Как я стала киноведом (Зоркая) - страница 29

Кроме Яши с Полей и коминтерновских иностранцев я не знала людей, побывавших за границей. Моя мама впервые попала туда, а именно в Карловы Вары, в санаторий «Империал», лишь в 1956 году. Перед самой смертью своей, в 1959-м, она месяц провела в Китае, а Индокитай, которому посвятила, бедняжка, всю жизнь, так и не увидела. Об отце и говорить нечего.

В доме жила красивая история о том, как папа ездил за границу. Ездил он в Латвию, когда меня еще не было, тоже в санаторий — видимо, на рижское взморье. От этой поездки сохранилась почтовая открытка с видом города над рекой, высокими шпилями, готическими башнями и средневековыми домами — каждый раз в Риге, с моста, когда едешь из Задвинья, я узнаю этот запомнившийся с детства берег. И даже до сих пор, когда говорят слово «Рига», вижу не саму Ригу, столько раз мною исхоженную, а ту открытку — ту «заграницу», где был мой папа!

Коминтерновские иностранцы и их дети, даже такие явно «заграничные» дети, как немка Вальтраучен (Троцци, как ее называли), вся в белокурых кудряшках и розовых платьицах будто с рождественской открытки, — все это были в моих понятиях не настоящие иностранцы. Они были уже наши. Их всегда окружала какая-то конспирация и тайны, из каковых иные я знала и свято хранила.

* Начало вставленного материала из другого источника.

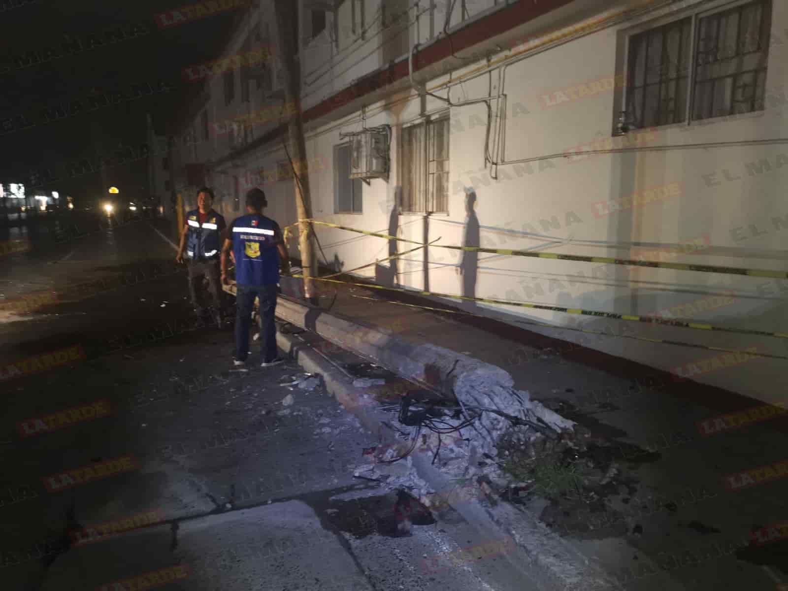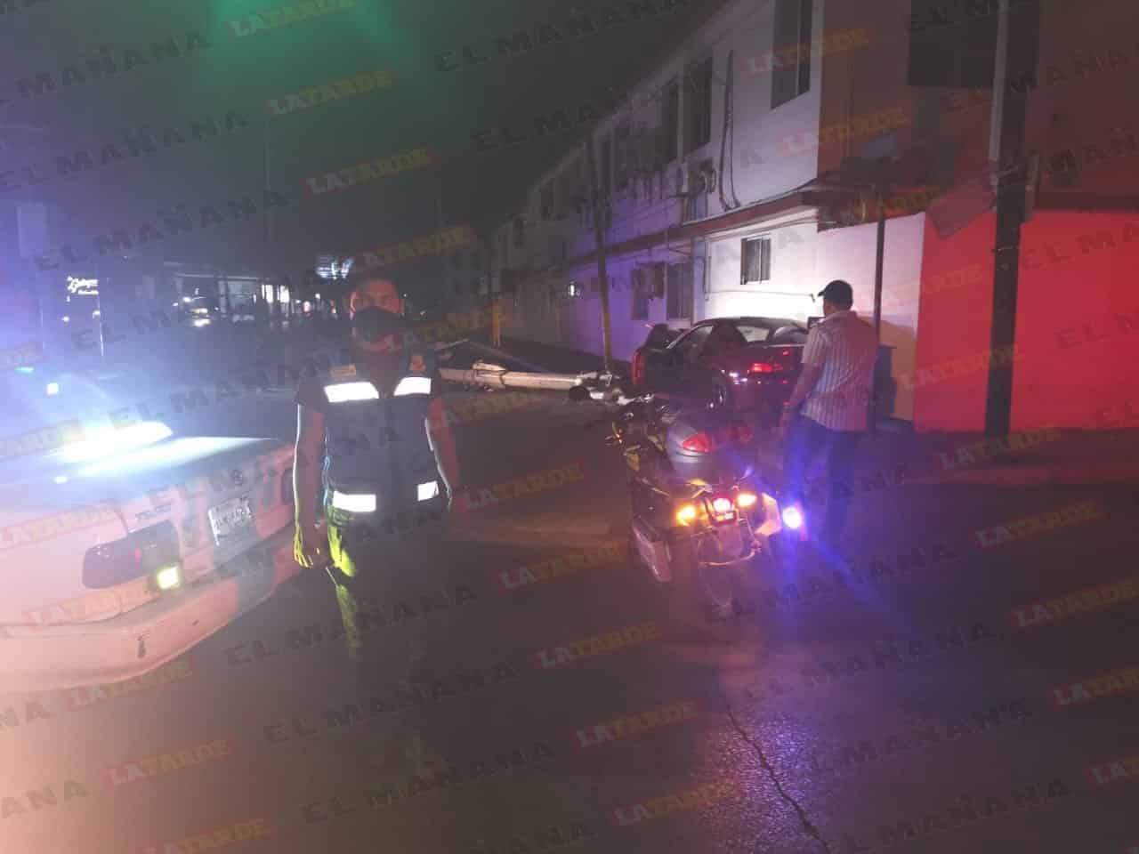 Dejó sin alumbrado público la avenida Universidad de la colonia Los Pinos en Tampico; su acompañante resultó con lesiones leves, siendo ambos valorados por paramédicos de Cruz Roja y no requirieron traslado a un hospital.

Например, я знала, что дядю Эрколи по-настоящему зовут Пальмиро Тольятти, а наш Лин никакой не Лин, а знаменитый вождь аннамитского народа Нгуен Ай Квак[12]. Он сам мне рассказывал, как мальчишкой в Сайгоне мечтал зайцем удрать с кораблем в Европу, как уехал из Индокитая, как жил в Париже. Но, конечно, под пытками врага я бы не выдала эти революционные секреты. Про Лина я растрепалась подругам уже во время войны, когда у меня появился вполне роскошный «гардероб» из двух костюмов — габардинового и чесучового, всяких шелковых кофточек и свитеров. Все это было перешито из маленьких, словно с худенького мальчика, вещей Лина, несколько лет после его отъезда хранившихся в чудесном бежевом чемодане на антресолях у нас на Афанасьевском. Ободравшись вконец, я самовольно, пока мама была в Казани, пустила в ход содержимое чемоданчика. С самим же чемоданом Алла Парфаньяк [13] выехала сниматься в «Небесном тихоходе», а у нашей Эгли[14] до сих пор имеются трижды перешитые полосатые хошиминовы брюки.

Да, коминтерновские были явно не те. Настоящими иностранцами в моих глазах являлись такие, кто там, за границей, жил. Они-то и были притягательными существами какого-то другого измерения. Помню эпизод далекого детства. Мы с отцом, гуляя на Воробьевых горах, встретили американца с двумя девочками моих лет. Отец с ним разговорился, и долго-долго они сидели над Москвой-рекой, пока мы с девочками бегали и собирали одуванчики в лесу, тогда еще густом и незатоптанном. Целый день мы провели вместе, и отец пригласил девочек к нам в гости. Когда мы расстались, он рассказал, что американец — «спец», строил завод в Советском Союзе, очень интересный, симпатичный и умный человек, сейчас возвращается в Америку. «Как же, ведь он буржуй, разве буржуй может быть хороший?» — допытывался недоумевающий советский ребенок. Разъяснения сводились, насколько мне помнится, к тому, что субъективно, индивидуально, так сказать, буржуи могут быть хорошими людьми, хотя их класс в целом, как и весь строй, разумеется, эксплуататорский и обречен на гибель.